Mississippi Governor Tate Reeves signed legislation last week to allow home-based food businesses to advertise online. At a time when the national emergency is shaking up food supplies, it’s an important step toward making sure people can get the food they need—and that entrepreneurs can earn the money they need to pay the bills. Championed by our friends at the Mississippi Center for Public Policy, the change in the law allows people who make and sell food from their home kitchens to sell up to $35,000 without falling under the state’s more restrictive rules for large-scale businesses.

That’s important, given that so many Mississippians are, like the rest of us, having to stay home because of the pandemic—and are being forced to find new and innovative ways to provide for themselves and their families. But the massive disruption to the nation’s food supply isn’t just presenting a challenge to home-based businesses. It’s also a threat to the operations of major food suppliers, thanks in part to America’s antiquated food regulatory system, much of which traces back to the Great Depression, almost a century ago.

One consequence of these restrictions is that in many cases, food makers can’t sell safe and nutritious food to customers because their products have to go through an expensive and time-consuming federal inspection process, first. Beef, for example, must be inspected by USDA officials at certain federally approved industrial meat plants, and there aren’t many of those.

One innovative idea to avoid this problem is to allow cattle ranchers to market beef directly to customers by selling “shares” in cattle. The idea is that people can buy part of a living steer, and then when it’s slaughtered at a safe state-based facility, receive the beef directly.
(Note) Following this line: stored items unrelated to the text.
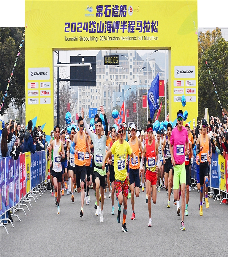 昨天上午8时,在这个春暖花开时节,常石造船·2024岱山海岬半程马拉松鸣枪开跑 记者 沈磊 摄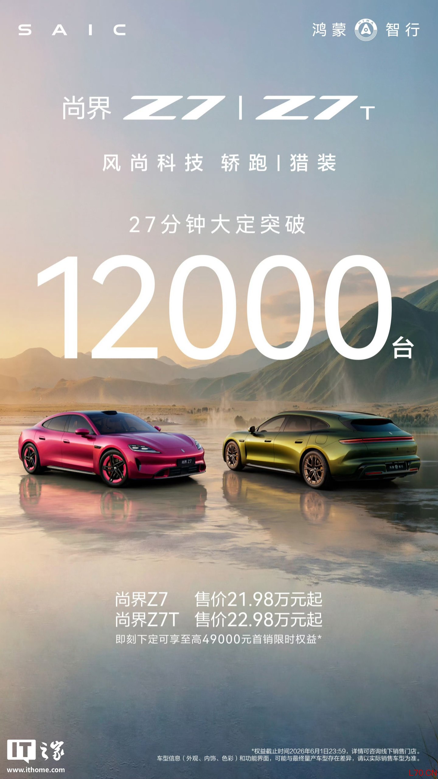 根据鸿蒙智行官方最新数据,尚界 Z7 / Z7T 两款新车 27 分钟大定破 1.2 万台。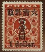 這枚紅色印花郵票是清朝人用作繳交關(guān)稅的三分稅票,但國家郵政成立初期未有足夠郵票使用,在稅票蓋上一元,當(dāng)作郵票。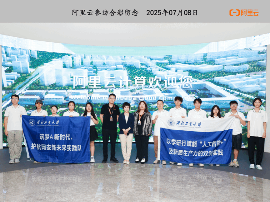 “筑梦AI新时代,护航网安新未来”暑期社会实践队在学院党委副书记杜瑶和指导老师仲于江的带领下,共同前往阿里巴巴云谷园区进行参观学习。此次活动通过实地探访行业标杆企业,助力学生构建产业认知框架,获取前沿技术视野与职业发展洞见。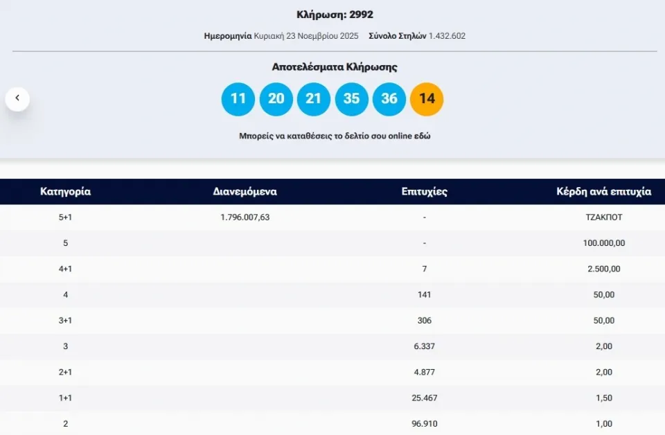 Πραγματοποιήθηκε το βράδυ της Κυριακής (23/11) η κλήρωση 2992 του Τζόκερ που μοιράζει στην πρώτη κατηγορία πάνω από 1,7 εκατομμύριο ευρώ.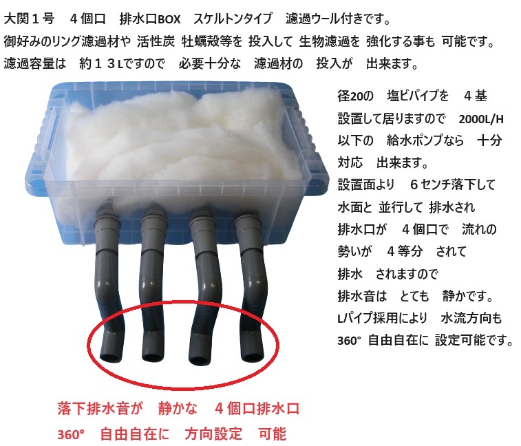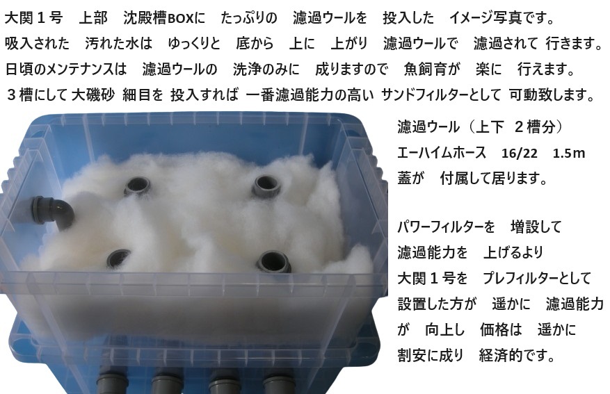 濾過ウールに因る 吹上濾過で 濾過能力が 倍化致します。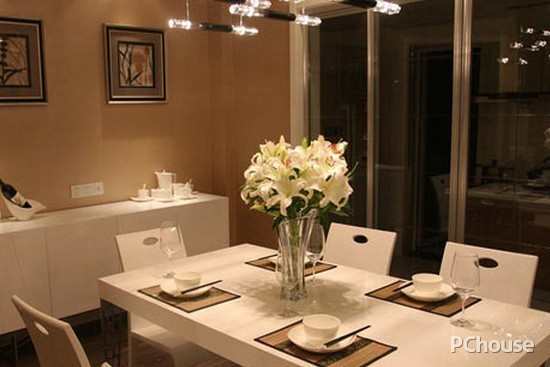 非常时尚的餐厅设计,纯白的餐桌椅组合,质感十足。再看餐厅的一个小细节,餐厅柜的区域,墙面是一对装饰画。很漂亮,精美造型的水晶灯也是别具一格,让餐厅散发着耀眼的光芒!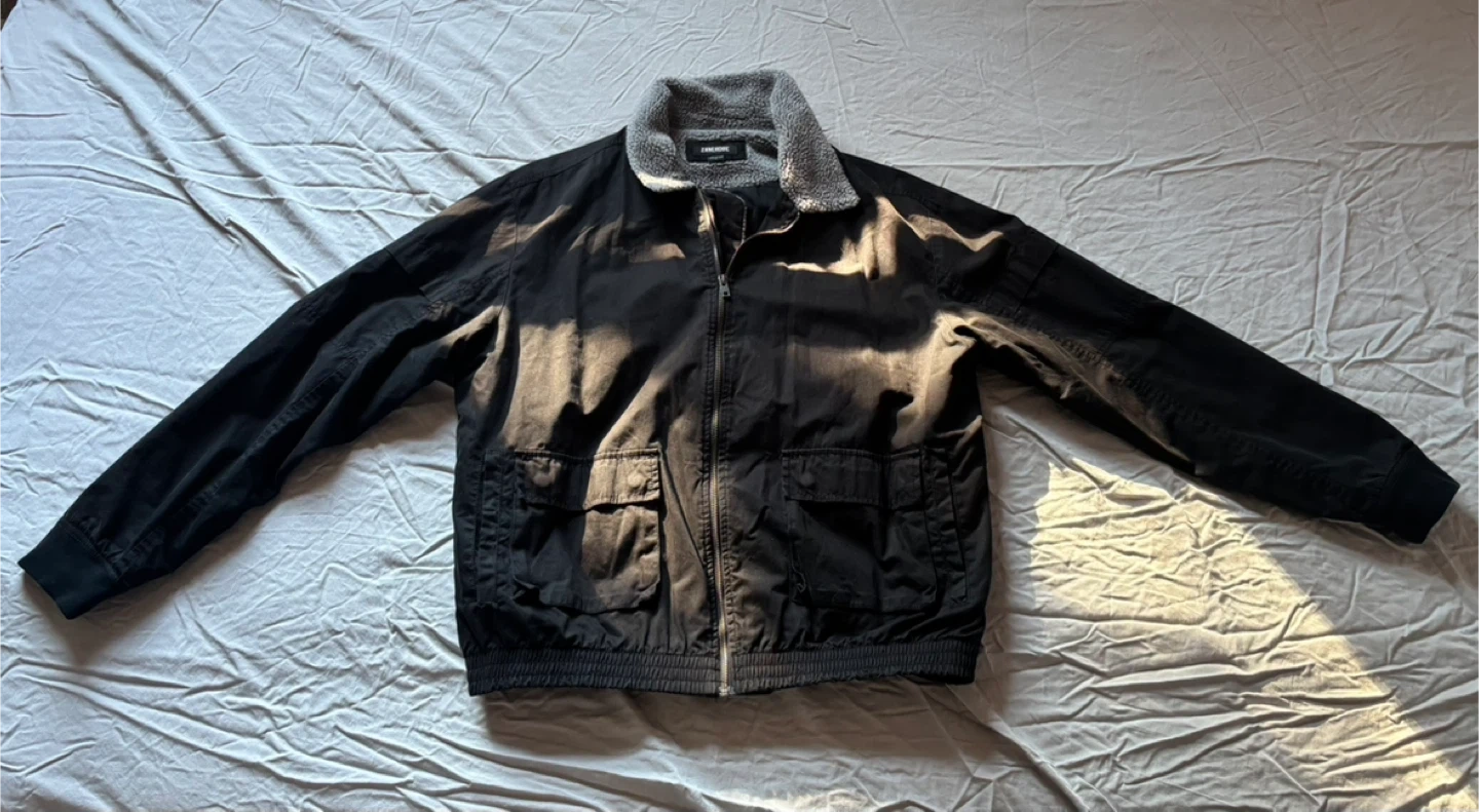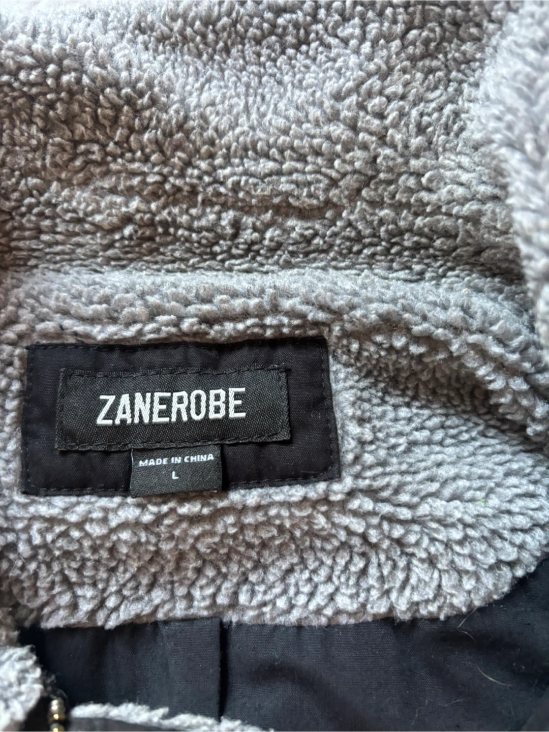 Selling a ZANEROBE jacket in size L. It's in great condition and ready for a new home! The jacket features a cozy sherpa lining and a stylish design, perfect for cooler weather.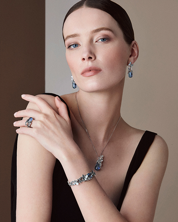 Blue Ivy si caratterizza per la sua luminosità, il colore vibrante e la versatilità nell’indosso. La collezione utilizza numerosi cristalli rotondi sfaccettati in una palette tricromatica che esplora le sfumature del blu: celeste mare, azzurro intenso e verde smeraldo. Il design in fusione d’argento, ispirato a micro-fiori e arricchito da sferette brunite, abbraccia ogni pietra, creando un effetto di grande impatto visivo. La linea include 10 pezzi, tra cui una collana, pendenti, un bracciale, anelli e orecchini.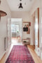 Välkomnande hall med säkerhetsdörr, trägolv och vita målade väggar. Här finns praktisk förvaring i garderob.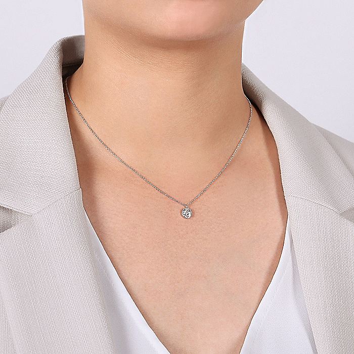HOME / Gabriel & Co. NK6230W45JJ 14K White Gold Round Diamond Cluster Pendant Necklace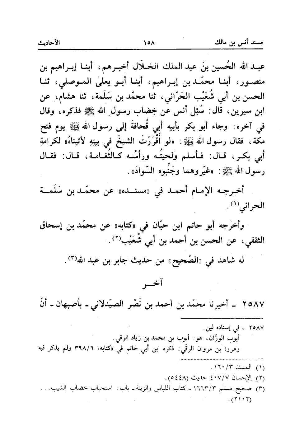 ٢٥٨٧ - أَخْبَرَنَا مُحَمَّدُ بْنُ أَحْمَدَ بْنِ نَصْرٍ الصَّيْدَلَانِيُّ - بِأَصْبَهَانَ - أَنَّ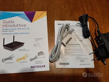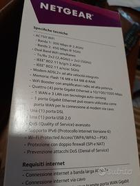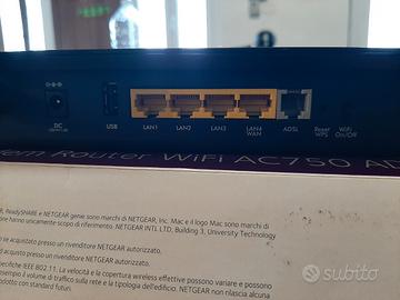 Modem router netgear adsl e adsl+, per le caratteristiche vedere le foto. Tenuto bene. perfette condizioni con scatola manuali cavi
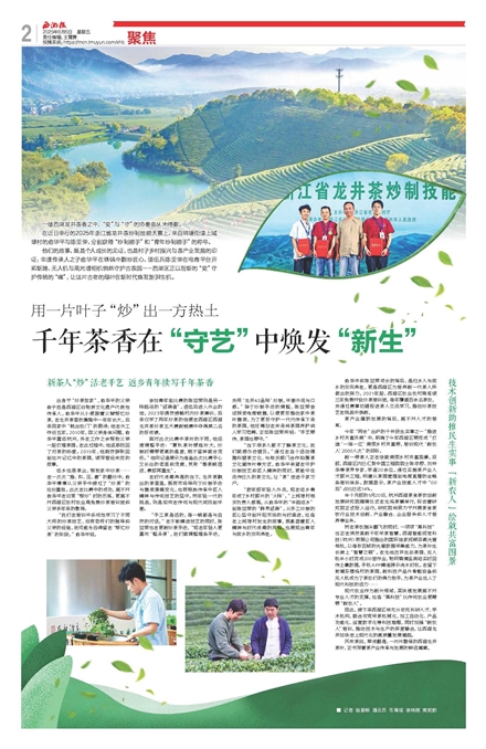 他们的故事,既是个人成长的见证,也是村子乡村振兴与茶产业发展的印证:非遗传承人之子俞华平在铁锅中翻炒匠心,退伍兵陈亚荣在电商平台开拓新路,无人机与高光谱相机悄然守护古茶园……西湖区正以创新的“变”守护传统的“魂”,让这片古老的绿叶在新时代焕发澎湃生机。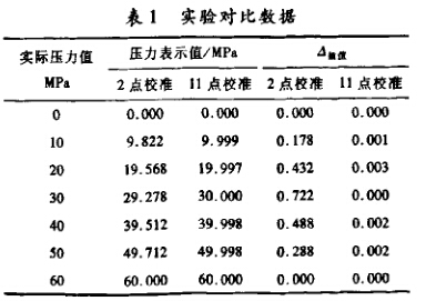從表1中可以得出,兩點(diǎn)校準(zhǔn)方式在靠近o 點(diǎn)和滿量程點(diǎn)時精度較高,在中間段時誤差較大, 精度較低,因此兩點(diǎn)校準(zhǔn)方式只適合對精度要求 較低的場合。而本系統(tǒng)采用的多點(diǎn)校準(zhǔn)方式,較 準(zhǔn)確地?cái)M合了壓力傳感器輸出曲線,很大程度上 提髙了測量精度,滿足了本系統(tǒng)對壓力測量高精 度的要求。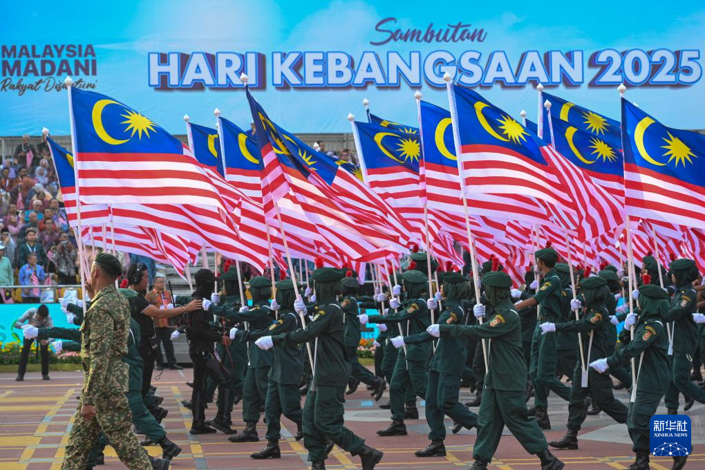 8月31日,馬來西亞最高元首易卜拉欣(前排左五)和馬來西亞總理安瓦爾(前排左四)在布特拉加亞出席馬來西亞獨立68周年慶典活動。

Since there are more of these facilities than the federal ones, this process allows customers access to cheaper meat without the delay associated with federal processing. Wyoming recently passed the Food Freedom Act, which allows this process and also allows other kinds of foods to be made at home and sold in stores, so long as customers are informed that it wasn’t made in a commercial kitchen.

Wyoming’s law and a similar law recently passed in Maine were the models for the Goldwater Institute’s own Food Freedom Act, included in our new toolkit, Revitalizing America: A Legislative Guide to Recovering from Coronavirus. Our proposal improves access to food without compromising safety. It allows homemade food products to be sold without pre-inspection, as long as customers are fully informed. It doesn’t eliminate existing safety standards, but allows private kitchens to compete. As for meat, it allows the sale of “shares,” and also allows the sale of live animals, and the sale of rabbit, lamb, chicken, and farm-raised fish.

Obviously, everyone wants food to be safe, but requiring pre-inspection of facilities and burdensome labeling and packaging rules can slow the process and make it too expensive for many potential food producers to provide the meals that people need in the midst of a record-breaking economic downturn.

Timothy Sandefur is the Vice President for Litigation at the Goldwater Institute.